Lesion-specific enzymes repair different forms of DNA damage, yet all lesions elicit the same checkpoint response. The common intermediate required to mount a checkpoint response is thought to be single-stranded DNA (ssDNA), coated by replication protein A (RPA) and containing a primer-template junction. To identify factors important for initiating the checkpoint response, we screened for genes that, when overexpressed, could amplify a checkpoint signal to a weak allele of chk1 in fission yeast. We identified Ast1, a novel member of the XPG-related family of endo/exonucleases. Ast1 promotes checkpoint activation caused by the absence of the other XPG-related nucleases, Exo1 and Rad2, the homologue of Fen1. Each nuclease is recruited to DSBs, and promotes the formation of ssDNA for checkpoint activation and recombinational repair. For Rad2 and Exo1, this is independent of their S-phase role in Okazaki fragment processing. This XPG-related pathway is distinct from MRN-dependent responses, and each enzyme is critical for damage resistance in MRN mutants. Thus, multiple nucleases collaborate to initiate DNA damage responses, highlighting the importance of these responses to cellular fitness.

Figure 1

ast1, an XPG-related nuclease, is a high copy suppressor of chk1-E472D. (A) Ten-fold serial dilutions of chk1-E472D cdc27-P11 transformed with an empty vector or the indicated plasmids and were grown at 25 and 32.5°C. A plasmid overexpressing ast1 is able to rescue the temperature sensitivity of chk1-E472D cdc27-P11 at 32.5°C. (B) A schematic of the domain structures of the XPG-related family members in S. pombe.
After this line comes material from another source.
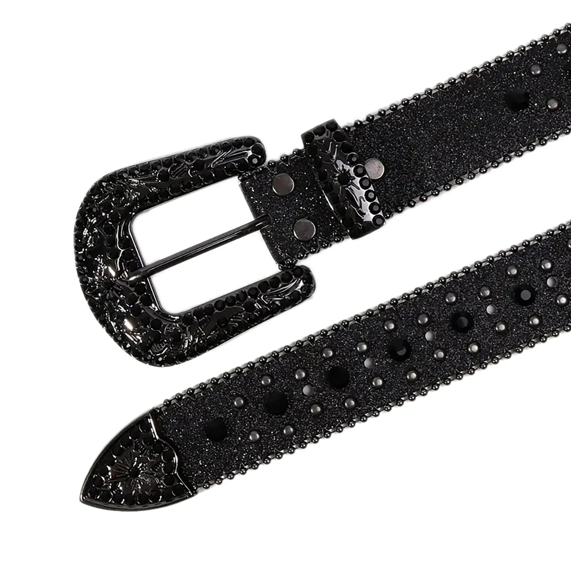 A western belt with rhinestones in a cowboy style. Crafted from faux PU leather, it's perfect for jeans, Y2K, western, and streetwear styles. Unisex.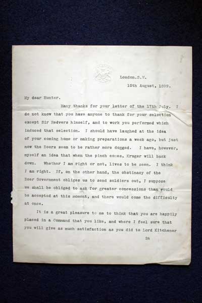 Archive of General Sir Archibald Hunter GCB GCVO DSO TD LLD at the King's Own Royal Regiment Museum, Lancaster. Evelyn Wood - Hunter Letters Typewritten letter from

The XPG-related nucleases all contain conserved N-terminal (XPG-N) and Internal (XPG-I) domains required for their nuclease activity. (C) Ten-fold serial dilutions of chk1-E472D transformed with an empty vector or the indicated plasmids (Ast1^ND is the nuclease-dead derivative) were grown at 25 and 36°C in the presence and absence of 0.01% MMS. A plasmid overexpressing wild-type ast1 is able to rescue the DNA damage sensitivity of chk1-E472D at 36°C. (D) Ten-fold serial dilutions of chk1-D155A transformed with an empty vector or the indicated plasmids were grown at 30°C in the presence and absence of 0.0075% MMS. A plasmid overexpressing ast1 is unable to rescue the DNA damage sensitivity of chk1-D155A. (E) Western blot with anti-HA antibody and extracts from a wild-type strain containing HA-tagged chk1 and from an HA-tagged-chk1-E472D strain transformed with an empty vector or a plasmid overexpressing ast1. Strains were grown in the presence and absence of 0.01% MMS. Overexpression of ast1 restored a mobility shift to chk1-E472D following DNA damage. (F) Ten-fold serial dilutions of the indicated strains were grown in the presence or absence of 0.005% MMS at 30°C. The chk1Δ ast1Δ double mutant is not more sensitive to MMS than the chk1Δ single mutant. (G) A UV-C survival curve was performed with the indicated strains. Graph shows the mean±s.d. for each data point (n=3). The chk1Δ ast1Δ double mutant is not more sensitive to UV than the chk1Δ single mutant.

Figure 2

Lethal cell-cycle arrest of exo1Δ rad2Δ is dependent on chk1 and ast1. (A) Single colonies from tetrad analysis are shown at the indicated magnifications, and are photographed 2 days following dissection on YES plates containing the vital dye phloxin B, which stains dead cells red. Strains are indicated above each photo. A wild-type colony is shown for comparison. The rad2Δ exo1Δ double mutant shows a cell-cycle arrest (elongated cells) that are viable (phloxin negative) at this time point, though inviable after further incubation. The rad2Δ exo1Δ chk1Δ triple mutant dies (phloxin positive, arrowed) with a ‘cut’ phenotype following 1–3 cell cycles indicating a checkpoint defect. The rad2Δ exo1Δ ast1Δ triple mutant dies as a micro-colony with many inviable (phloxin positive, examples arrowed) cells showing a ‘cut’ phenotype, also indicating a checkpoint defect. For this analysis, the ‘cut’ phenotype is defined as septated, phloxin-positive (dead) cells, or septated cells in which one daughter is dead (phloxin positive) and one alive (phloxin negative), which is derived from unequal chromosome segregation. (B) Ten-fold serial dilutions of the indicated strains were grown at 30°C in the presence and absence of 0.008% MMS. The exo1Δ ast1Δ and rad2Δ ast1Δ double mutants are not more sensitive to MMS than the exo1Δ and rad2Δ single mutants, respectively. (C) A UV-C survival curve was performed with the indicated strains. Graph shows the mean±s.d. for each data point (n=3). The exo1Δ ast1Δ and rad2Δ ast1Δ double mutants are not more sensitive to UV than the exo1Δ and rad2Δ single mutants, respectively. (D) Western blot with anti-HA antibody and extracts from strains of the indicated genotype containing HA-tagged chk1. The exo1Δ ast1Δ and rad2Δ ast1Δ double mutants do not have increased Chk1 activation above the levels seen in the exo1Δ and rad2Δ single mutants, respectively.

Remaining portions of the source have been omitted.